The IPO is back. The aftermarket is still skeptical.
That becomes obvious the moment you look beyond the offering itself. Eikon Therapeutics raised $381.2 million in February at $18 a share. Generate Biomedicines raised $400 million later that month at $16. Agomab Therapeutics raised $200 million at $16 as well. Yet as of April 15, Eikon was trading around $10.61, Generate around $12.89, and Agomab around $10.47—each below its IPO price. That does not mean those IPOs failed. It means the market is open but demanding. Investors are willing to fund biotech companies again, but they are also willing to reprice them quickly once the roadshow ends and the public market takes over.
This is why the current moment is better described as a selective reopening than a comeback. Biotech has regained access to the public market, but not on founder-friendly terms. Bankers can get deals done. Companies can raise meaningful capital. Yet valuations remain restrained, aftermarket performance is uneven, and the burden of proof has shifted decisively back onto issuers. That is probably what a normal market should look like. But for a sector that grew used to being financed on potential, the normalization feels almost austere.

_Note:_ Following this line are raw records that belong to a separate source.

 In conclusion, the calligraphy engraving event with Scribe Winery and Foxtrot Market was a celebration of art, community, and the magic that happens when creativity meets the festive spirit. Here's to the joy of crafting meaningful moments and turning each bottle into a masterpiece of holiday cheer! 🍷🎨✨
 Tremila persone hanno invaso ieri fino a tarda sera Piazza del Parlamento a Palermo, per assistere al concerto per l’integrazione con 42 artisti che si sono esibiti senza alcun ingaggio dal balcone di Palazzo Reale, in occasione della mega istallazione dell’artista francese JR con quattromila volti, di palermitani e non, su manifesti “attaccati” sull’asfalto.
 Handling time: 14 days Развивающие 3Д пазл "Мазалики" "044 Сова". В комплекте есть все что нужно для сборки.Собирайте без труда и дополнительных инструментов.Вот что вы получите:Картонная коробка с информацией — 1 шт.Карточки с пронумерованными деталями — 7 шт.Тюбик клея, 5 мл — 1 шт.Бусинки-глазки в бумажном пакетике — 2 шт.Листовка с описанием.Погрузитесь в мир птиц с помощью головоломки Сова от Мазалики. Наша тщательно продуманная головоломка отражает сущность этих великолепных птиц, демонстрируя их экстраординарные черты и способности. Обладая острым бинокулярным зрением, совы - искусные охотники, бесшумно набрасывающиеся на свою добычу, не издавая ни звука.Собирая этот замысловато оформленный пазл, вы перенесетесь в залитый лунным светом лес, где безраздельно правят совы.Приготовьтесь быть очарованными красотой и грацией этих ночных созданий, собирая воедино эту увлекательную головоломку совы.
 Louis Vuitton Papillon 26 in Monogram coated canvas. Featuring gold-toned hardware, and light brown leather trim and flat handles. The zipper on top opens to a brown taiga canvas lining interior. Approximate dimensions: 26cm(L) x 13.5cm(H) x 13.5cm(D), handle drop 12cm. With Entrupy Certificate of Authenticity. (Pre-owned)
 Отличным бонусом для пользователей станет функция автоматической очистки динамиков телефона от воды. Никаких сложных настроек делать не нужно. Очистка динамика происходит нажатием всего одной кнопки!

What this means for biotech next
There is a reason this matters beyond capital-markets gossip. IPOs are not just exit events. In biotech, they are part of the sector’s financing machinery. They recycle venture capital into the next generation of companies, establish public valuations that influence private rounds, and help late-stage developers fund expensive registrational programs. When that machinery stalls, pressure builds across the entire innovation chain. PitchBook noted that early-stage biotech funding remains depressed even as M&A and IPO conditions improve. If only the most legible, late-stage, category-approved companies can make it out, then earlier and stranger forms of innovation may remain capital constrained for longer.

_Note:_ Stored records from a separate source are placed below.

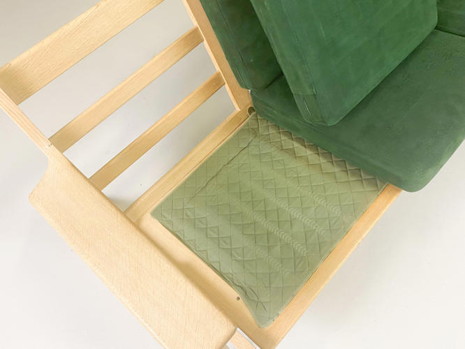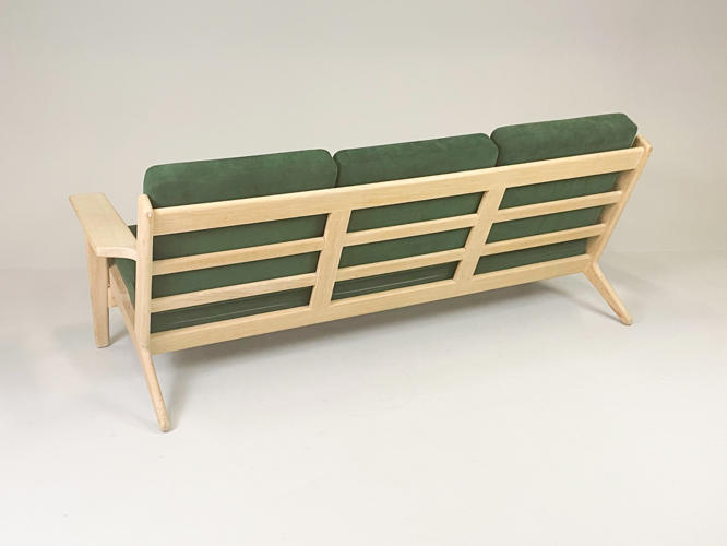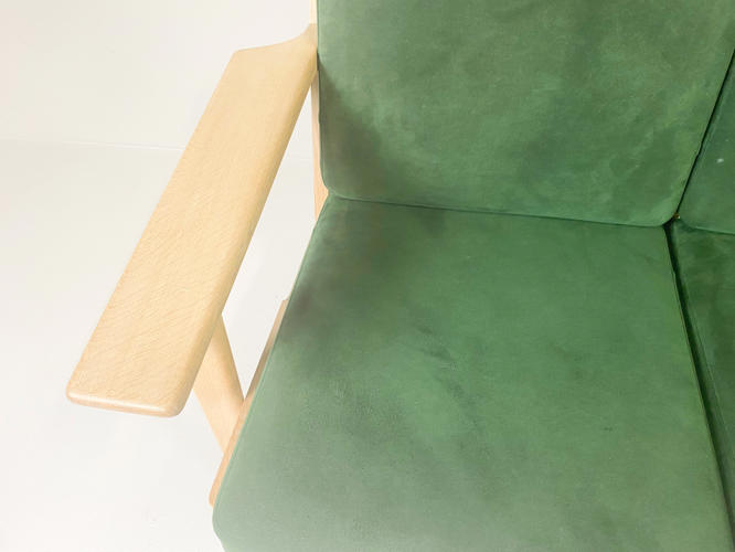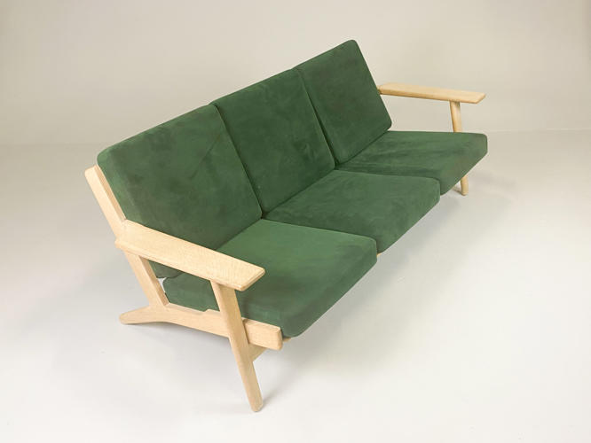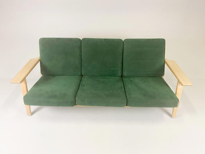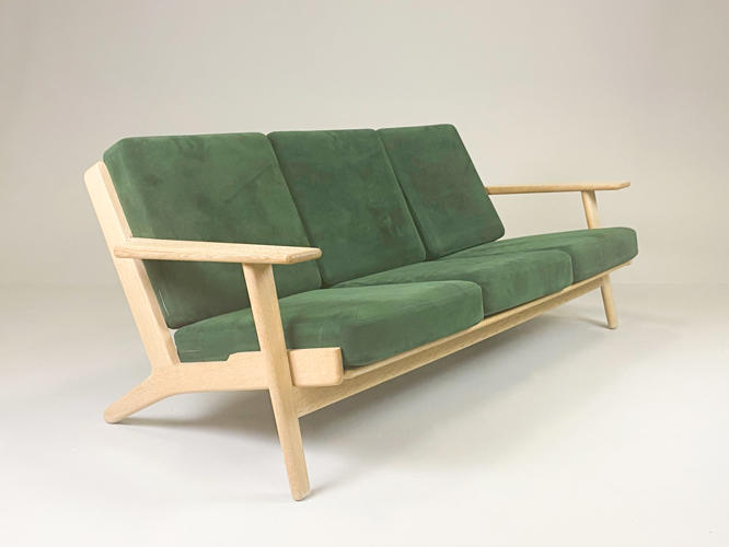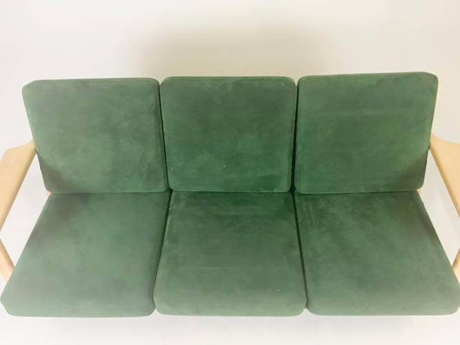 3-personers sofa, model GE-290. Med stel af sæbebehandlet egetræ. Hynder betrukket med grønt alcantara. Produceret hos Getama med brændemærke herfra. Fremstår med minimale brugsspor. L. 180 cm.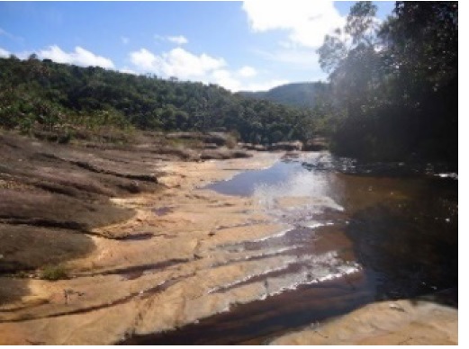 No mirante, localizado na parte superior da cachoeira Véu da Noiva (Figura 6) é possível que se realizem atividades científicas, pedagógicas e turísticas. Seu acesso é limitado considerando-se crianças, idosos e PcD, tornando a trilha difícil (ABNT, 2019). Entretanto, é uma boa opção de uma trilha não muito longa e nem tão difícil e com paisagem deslumbrante, além de banho em queda d’água, que antecede o atrativo. Também é possível chegar à parte superior do Véu da Noiva (Figura 9), percorrendo o mesmo córrego onde descem às quedas desta última cachoeira citada.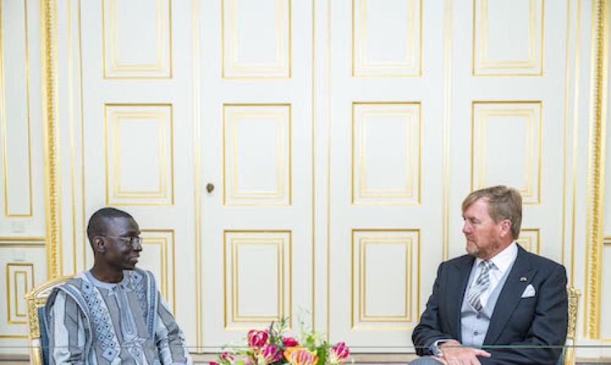 L’Ambassadeur du Burkina Faso en Belgique, Léopold Tonguenoma Bonkoungou, a présenté ses lettres de créance à Sa Majesté Willem-Alexander, roi des Pays-Bas, le mercredi 13 septembre 2023, à La Haye. La cérémonie, qui s'est déroulée dans la pure tradition du palais royal de Noordeinde, était empreinte de solennité. La cour royale a assuré le déplacement de l’Ambassadeur burkinabè depuis son hôtel au Palais. Deux carrosses royaux encadrés de la cavalerie ont été affrétés pour escorter le diplomate burkinabè et sa délégation. Au perron du palais, l’Ambassadeur a eu droit aux honneurs de la garde royale. Après l’exécution de l’hymne national burkinabè, savamment orchestré par la fanfare de la garde royale, le diplomate burkinabè a été invité à faire la revue de troupe.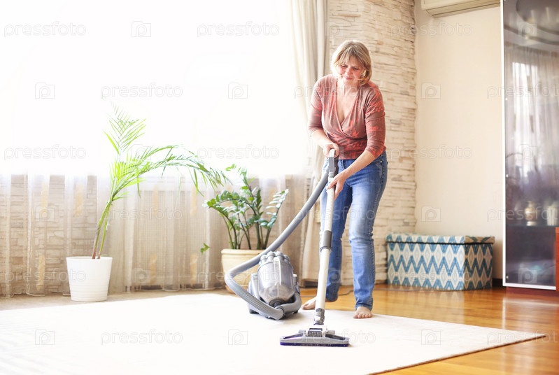 Женщина средних лет с пылесосом дома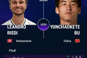 布云朝克特苦战三盘遭列迪逆转,收获ATP釜山挑战赛亚军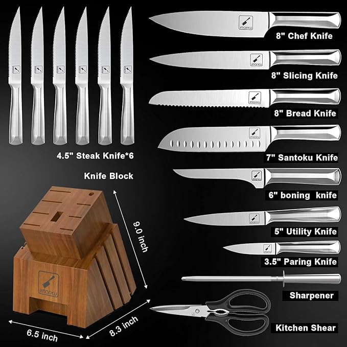 - Easy Care and Storage:Imarku 16 PCS professional knife set includes: 8" chef knife, 8" bread knife, 8" slicing knife, 7" santoku knife, 6" boning knife, 5" utility knife, 3.5" paring knife, 6pcs 4.5" serrated steak Knife set, multi-purpose shears, knife sharpener and block. Kitchen Knife Sets keep knives organized, neat, and space-saving. Tip: Dishwasher safe, but hand washing is better for longer sharpness and service life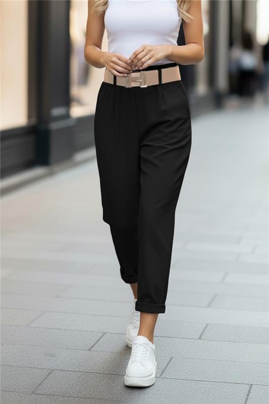 - Pantaloni clasici de damă, potriviți pentru ținute la modă de zi cu zi.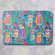 Ai illustration of watercolor folk art cats and flowers in blue, orange, red, purple and pretty bright colors. Add happy and whimsical flare to your bathroom with this cute bath mat!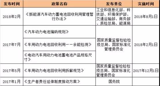 自2017年以來,隨著動力電池報廢潮小高峰日漸臨近,國家對于動力電池回收利用管理也打出了組合拳。為規(guī)范行業(yè)操作以及后續(xù)政策制定做出了一定的參考標準。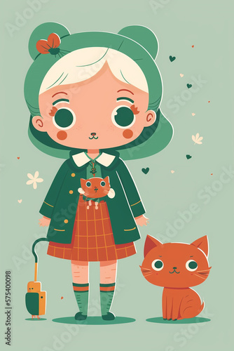 Cute children character and parents, grandparents, pet, family, cartoon, paint, for Children's Books - Generative AI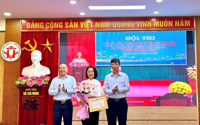 Đồng chí Hoàng Công Kiên - Bí thư Đảng ủy và đồng chí Đỗ Khắc Thanh - Phó Bí thư Đảng ủy, Hiệu trưởng Nhà trường trao giấy khen và phần thưởng cho đồng chí Phạm Thị Minh Thùy - Phó Chánh Văn phòng tại chương trình

That is the more provocative question beneath the current optimism. Is biotech getting a healthier IPO market—or just a narrower one? If the answer is narrowness, then 2026 may still be a good year for offerings without becoming a great year for scientific risk-taking. The market may be reopening for biotech businesses, not necessarily for biotech experimentation. The real test will come later in the year, when more awkward categories try their luck: platform biotechs, earlier-stage assets, and segments like cell and gene therapy that have struggled to find public-market sponsorship. Until then, the message from Kailera and Alamar is clear enough. The window is opening. But it is not opening for everyone.